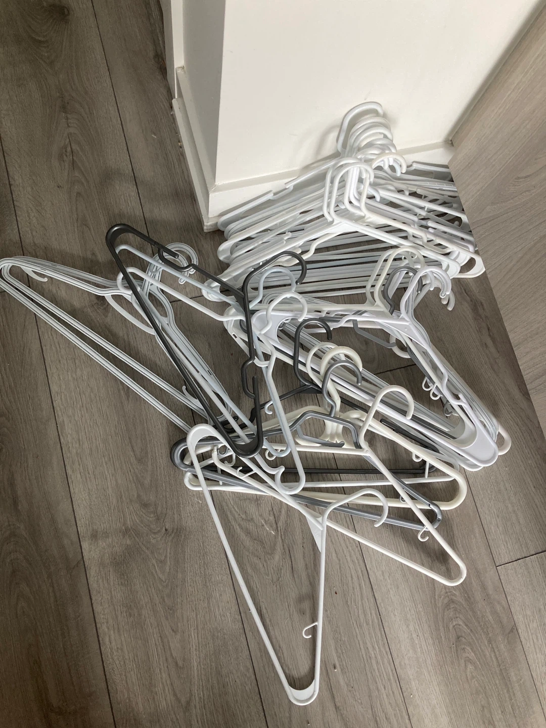 186Selling a bunch of plastic clothes hangers! There are some in white and some in grey. Perfect for organizing your closet or setting up a new wardrobe
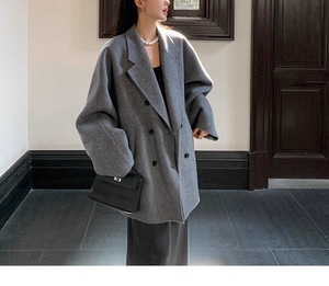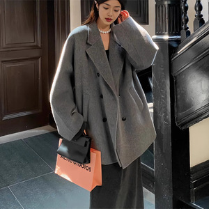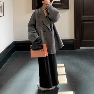 预售羊毛双面呢大衣女冬季宽松设计感小个子短款呢子外套
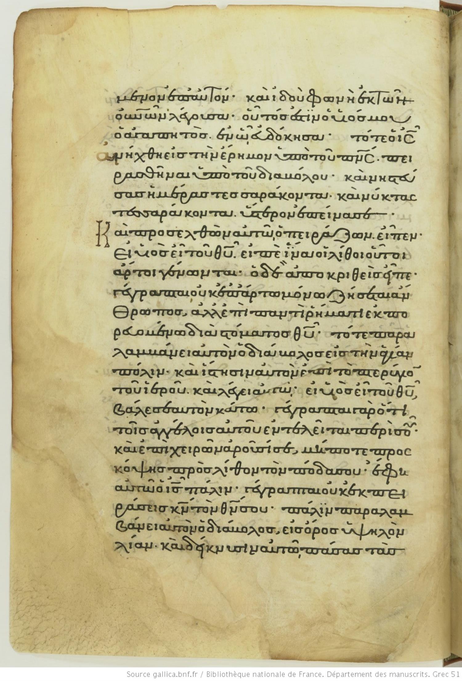 Τότε παραλαμβάνει αὐτὸν ὁ διάβολος εἰς τὴν ἁγίαν πόλιν, καὶ ἔστησεν αὐτὸν ἐπὶ τὸ πτερύγιον τοῦ ἱεροῦ,
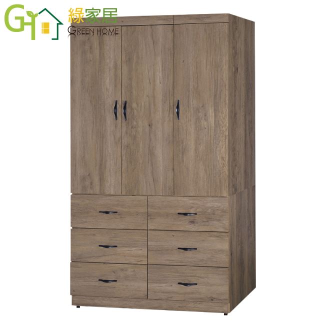 【綠家居】瑞典 時尚3.8尺三門六抽衣櫃/收納櫃
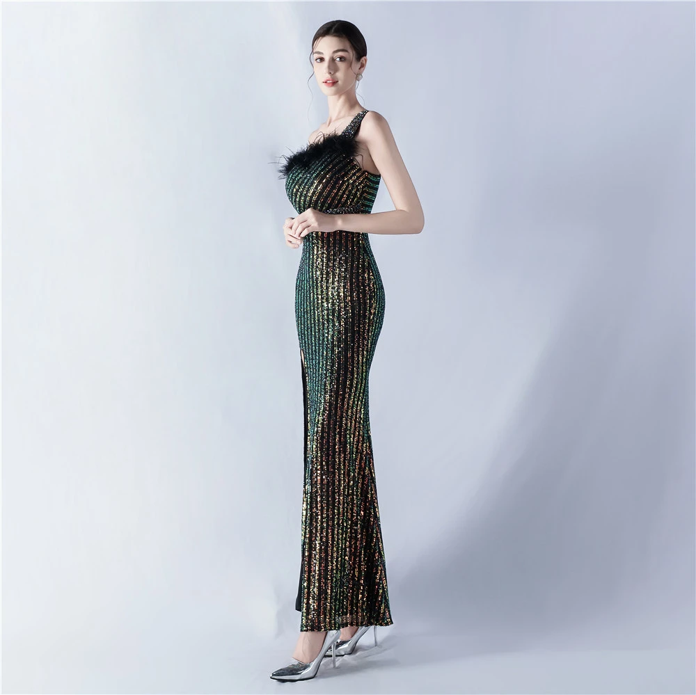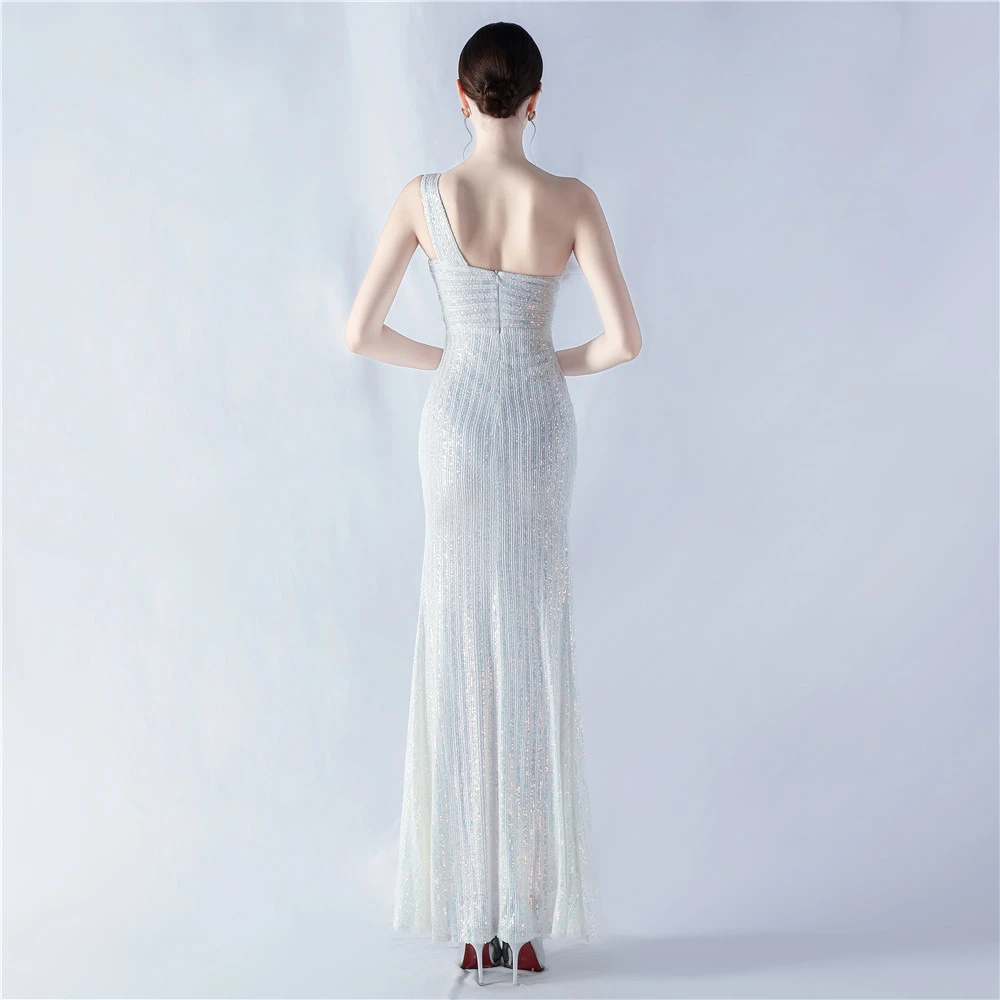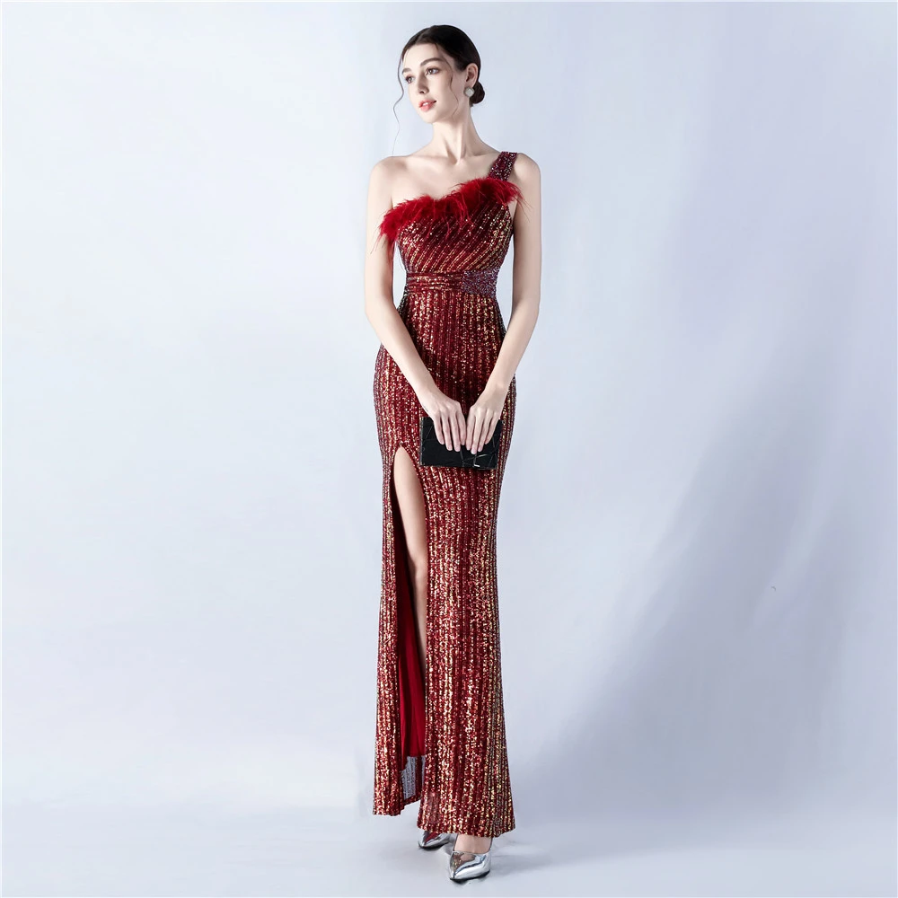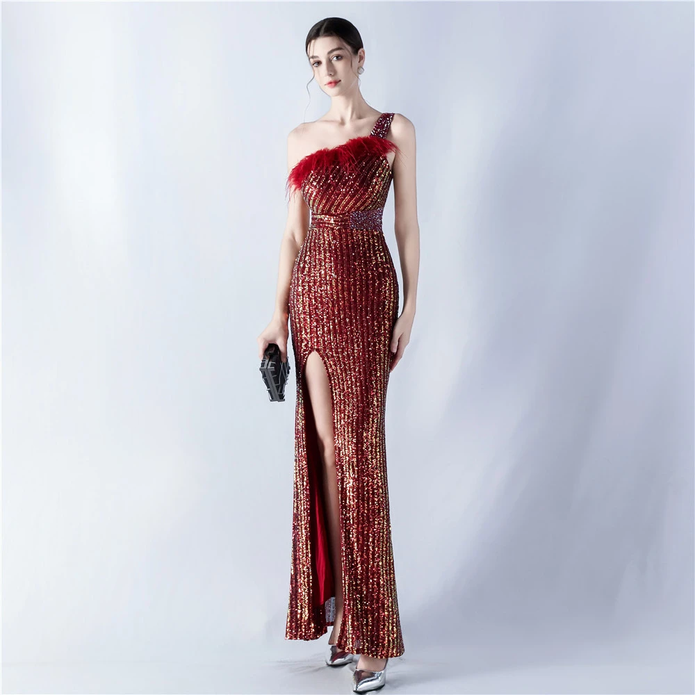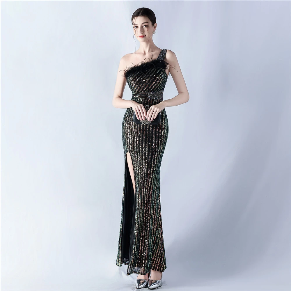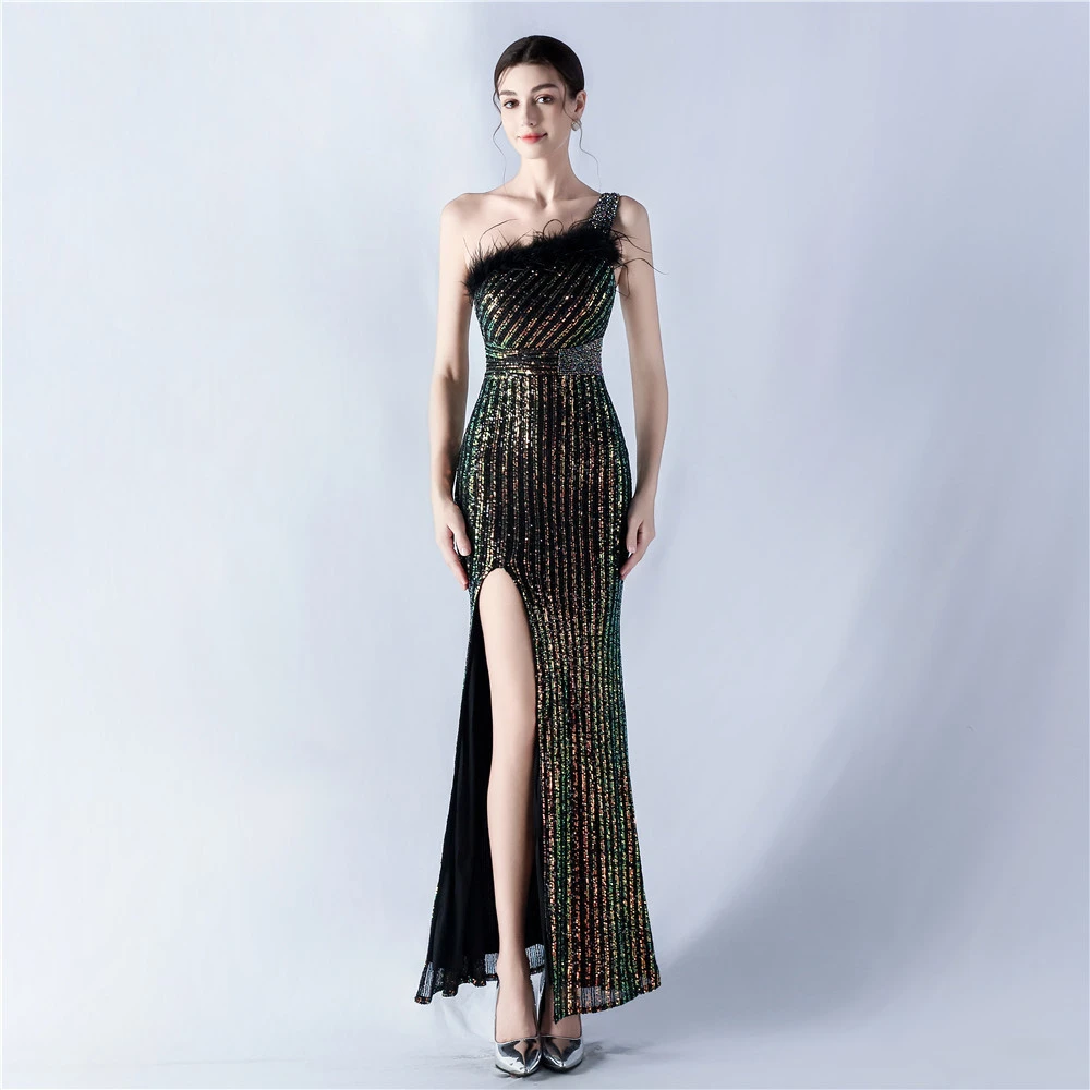 Heavy Beading And Wool One-Shoulder Oblique Collar High-Slit Sequined Evening Dress
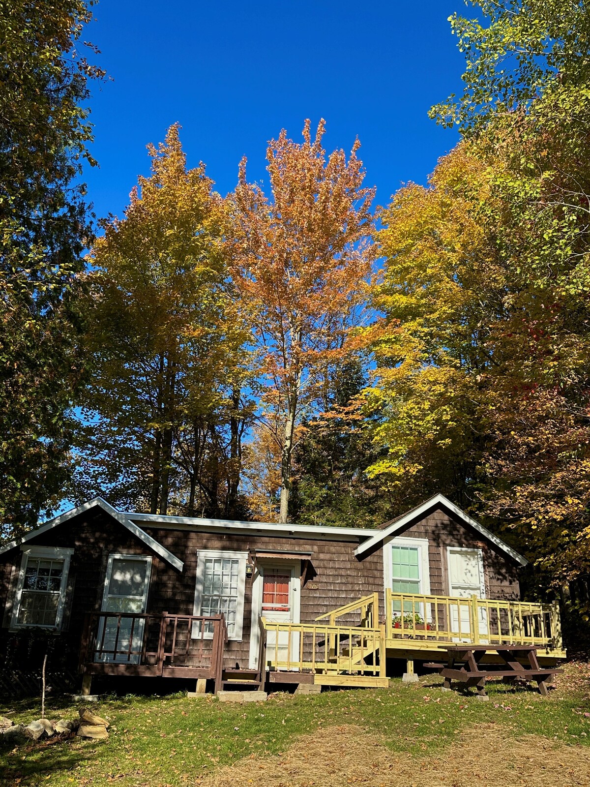 Enjoy a peaceful escape in this sweet little newly renovated and stylishly minimalist cottage with stunning water views and private beach access on beautiful Shadow Lake. An ideal space for a solo writer's retreat, a romantic weekend, or a family getaway. In the evening, stargazing from the secluded back deck is absolutely mesmerizing and in the morning, it's the perfect spot to savor a quiet cup of coffee. In the winter enjoy the cottage’s coziness after a day of skiing!

• • • • •

*REQUIRED WORK*.
Transcribe the listing above exactly, leaving every picture out.

*COMPLETED TASK*.
 186Selling a bunch of plastic clothes hangers! There are some in white and some in grey. Perfect for organizing your closet or setting up a new wardrobe
 预售羊毛双面呢大衣女冬季宽松设计感小个子短款呢子外套
 Τότε παραλαμβάνει αὐτὸν ὁ διάβολος εἰς τὴν ἁγίαν πόλιν, καὶ ἔστησεν αὐτὸν ἐπὶ τὸ πτερύγιον τοῦ ἱεροῦ,
 【綠家居】瑞典 時尚3.8尺三門六抽衣櫃/收納櫃
 Heavy Beading And Wool One-Shoulder Oblique Collar High-Slit Sequined Evening Dress
 Enjoy a peaceful escape in this sweet little newly renovated and stylishly minimalist cottage with stunning water views and private beach access on beautiful Shadow Lake. An ideal space for a solo writer's retreat, a romantic weekend, or a family getaway. In the evening, stargazing from the secluded back deck is absolutely mesmerizing and in the morning, it's the perfect spot to savor a quiet cup of coffee. In the winter enjoy the cottage’s coziness after a day of skiing!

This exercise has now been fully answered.